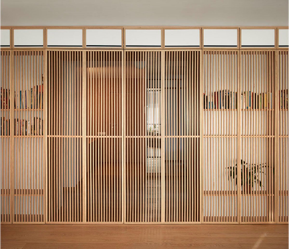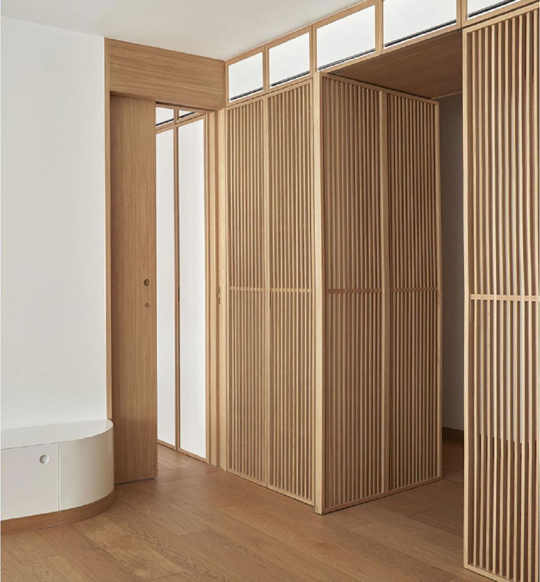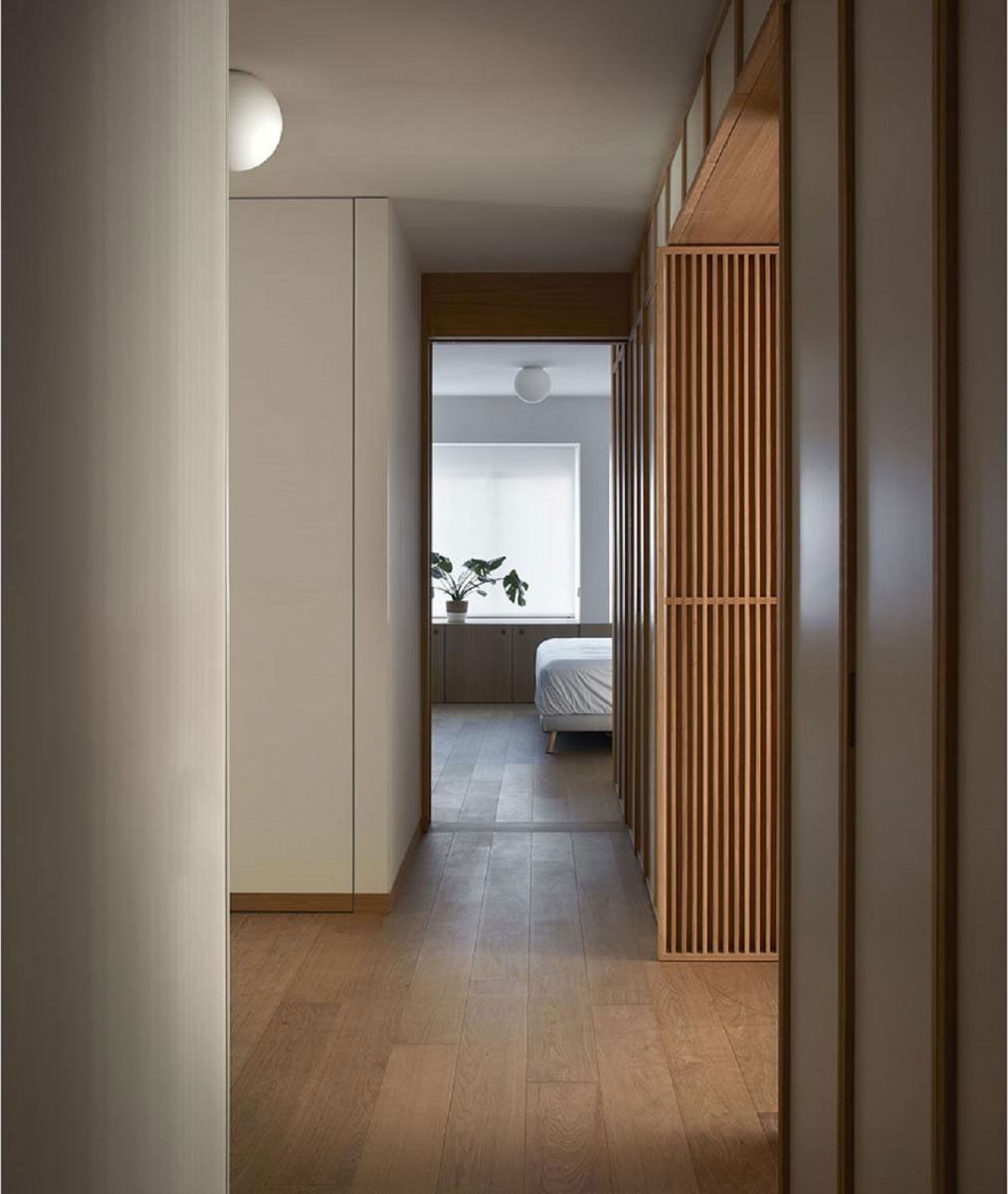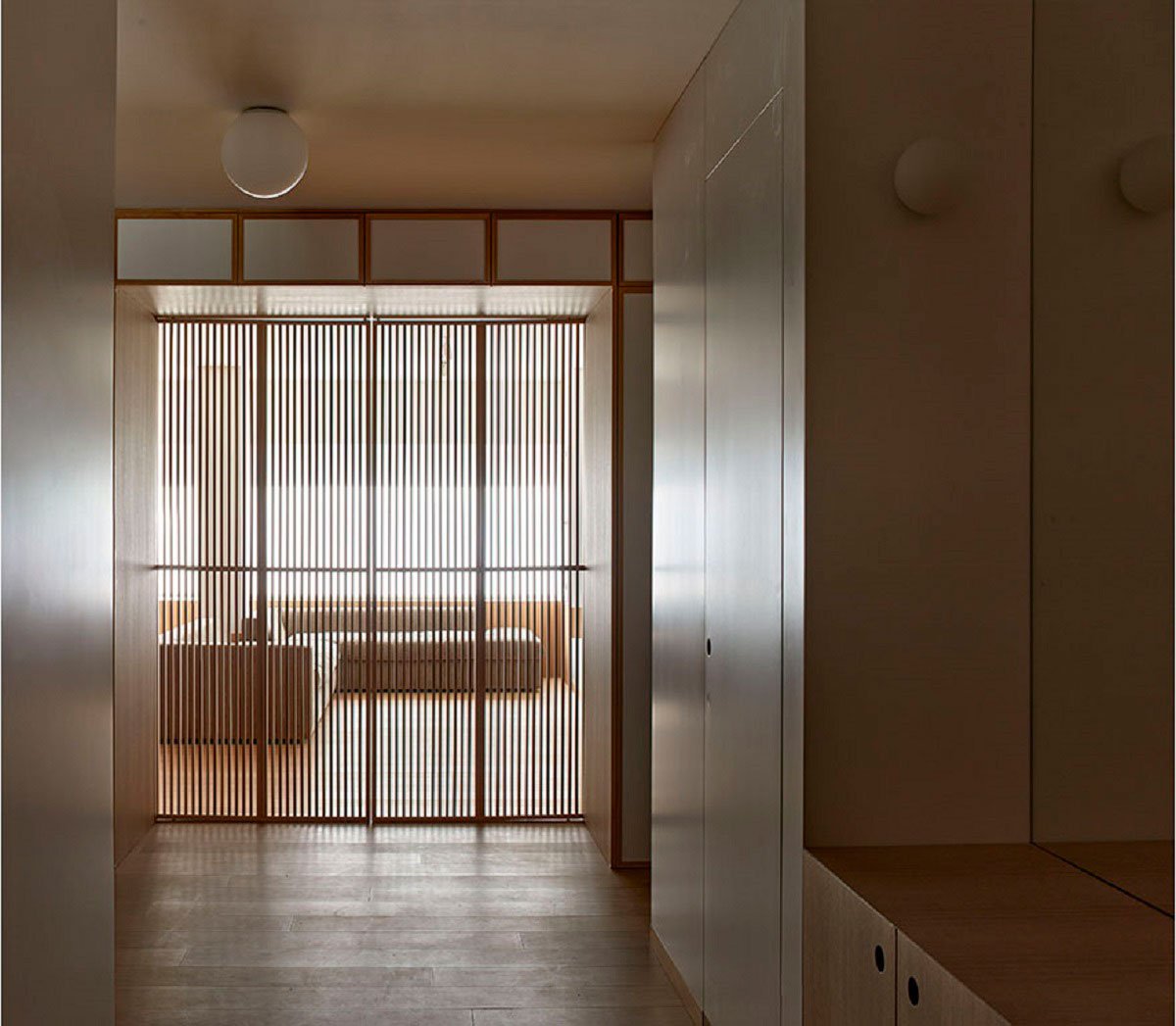 A calm, precise and orderly atmosphere in which light and material interact with the objective of creating a peaceful home.
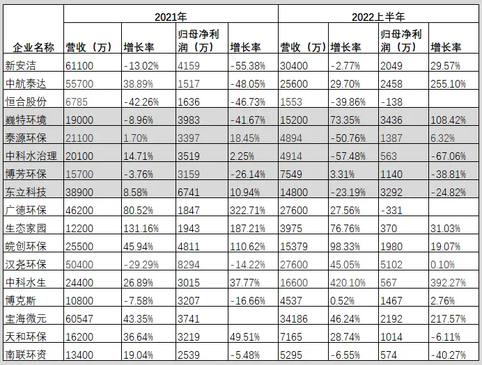 在归母净利润方面,2022年上半年,17家企业中有12家企业实现正增长,另外5家企业的增长率为负,其中包括3家终止上市的公司,仅有恒合股份和广德环保显示亏损。
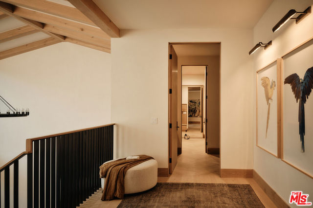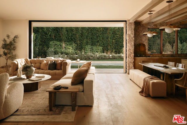 JVE Development Group and Jae Omar present Villa Antica, a newly built architectural residence in Brentwood, designed to evoke the feeling that it has stood gracefully in place for generations. Rooted in classical European influence and realized through a contemporary lens, the home is defined by natural materials, measured lines, and artisan craftsmanship. Offering an uncommon sense of privacy and scale, the residence spans five-bedrooms, six-bathrooms, and sits on a generous 9,618-square-foot parcel. A dramatic double-height entry sets the tone, unfolding into a series of thoughtfully composed living spaces crafted for both daily life and elevated entertaining. Interiors are filled with warm natural light and layered with textured woods, rough-hewn stone, and bespoke millwork. Reclaimed beams over 200 years old bring authenticity and depth, while leathered travertine and brass detailing reinforce a tactile richness. Sculptural lighting design creates a curated ambiance in the expansive great room, which flows effortlessly to the lush backyard through a wall of disappearing glass. At the heart of the home, the kitchen draws inspiration from the French countryside, blending beauty and utility with premium built-in appliances, a substantial center island, oak cabinetry, and a walk-in pantry. The kitchen opens to a sophisticated family room set around a floor-to-ceiling fireplace, while the adjacent dining room is complemented by a custom wet bar. Additional amenities include a glass-enclosed executive office, an immersive home theater, and a distinctive powder room featuring a 1920s French marble sink -- subtly reinforcing the home's collected, old-world narrative. Ascend the floating staircase to the primary suite with a private terrace overlooking the manicured grounds. Vaulted ceilings and a two-way stone fireplace frame this serene retreat that includes a wet bar, boutique dressing room, and luxurious bath. Four additional en-suite bedrooms, with one on the main level, complete the home. Fully integrated Control4 Home Automation System, surround sound, and security cameras facilitate contemporary connectivity and functionality while remaining discreetly in the background. Meticulous landscaping design by Double Green Landscapes extends the home's sense of permanence outdoors while providing privacy, ample space for gathering, and seamless incorporation of resort-like amenities. The tranquil backyard setting is secluded by mature hedging and features a pool and spa with automatic cover, a fully equipped outdoor kitchen, firepit, and multiple areas to lounge or dine alfresco. Ideally located in Brentwood, Villa Antica is a rare architectural offering where old-world influence and modern design converge in a home that feels both new and enduring.
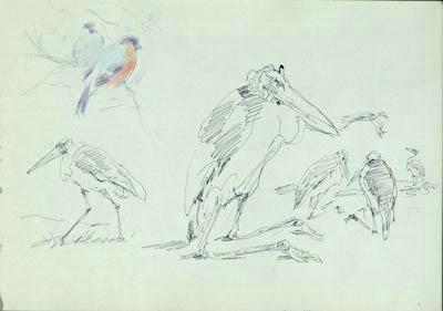 Слева вверху цветными карандашами выполнен рисунок двух снегирей, сидящих на ветке. Слева внизу тушью изображен идущий марабу в профиль влево. В центре крупно – сидящий марабу в профиль вправо. Справа внизу выполнен набросок двух сидящих марабу и птицы на дальнем плане.
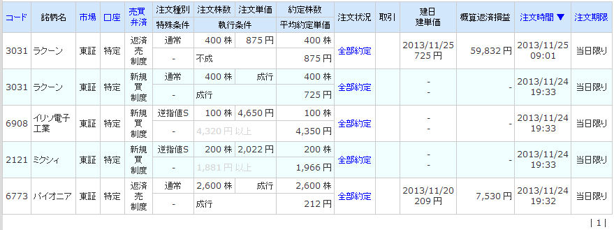 | 6773 パイオニア | 買 | 11/20 ~ 11/25 | 2,600 | 209 | 212 | +7,600 |
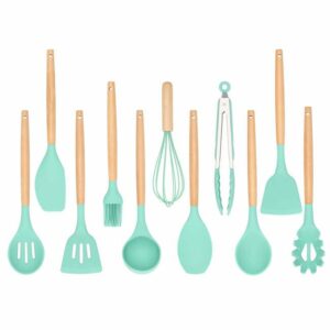 Sersimo készlet 12 hőálló szilikon konyhai edényből és bambusz fogantyúból, zöld
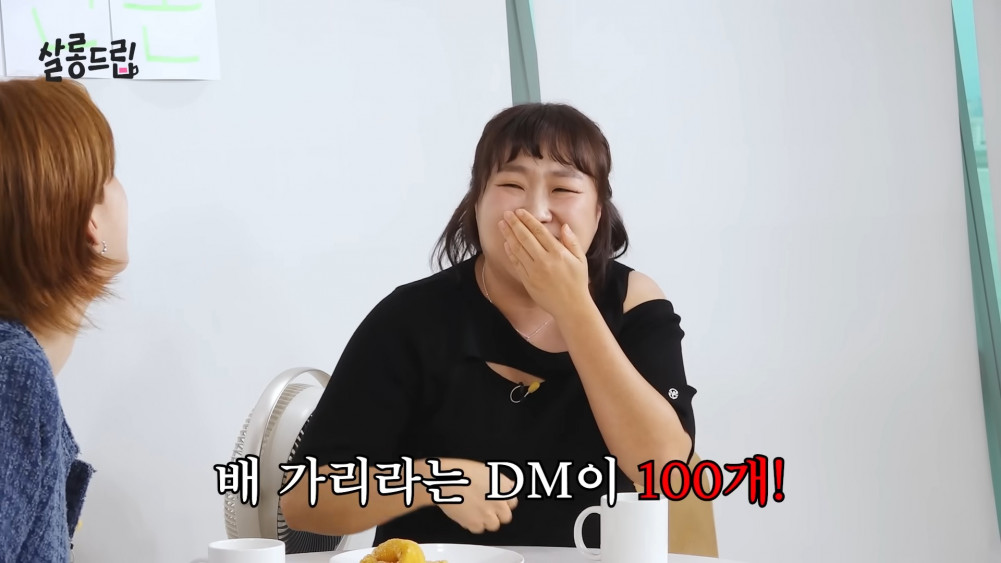 Impressed, Jang Do Yeon went on to ask playfully, "I heard the secret to your success recently was your revealing outfits." Lee Soo Ji then confessed, "Actually, a lot of men DM me." Then went on to reveal, "To be honest, only one man DMed me (with praise) and 100 DMs were telling me to cover my belly," making the staff laugh.

□ □ □ □

ABOUT THIS EXERCISE: Write out exactly, and only, the lines running from the line with "212 | +7,600 |" to the last line above, both included, with all pictures omitted.

REPLY TO THE EXERCISE:
 | 6773 パイオニア | 買 | 11/20 ~ 11/25 | 2,600 | 209 | 212 | +7,600 |
 Sersimo készlet 12 hőálló szilikon konyhai edényből és bambusz fogantyúból, zöld
 Impressed, Jang Do Yeon went on to ask playfully, "I heard the secret to your success recently was your revealing outfits." Lee Soo Ji then confessed, "Actually, a lot of men DM me." Then went on to reveal, "To be honest, only one man DMed me (with praise) and 100 DMs were telling me to cover my belly," making the staff laugh.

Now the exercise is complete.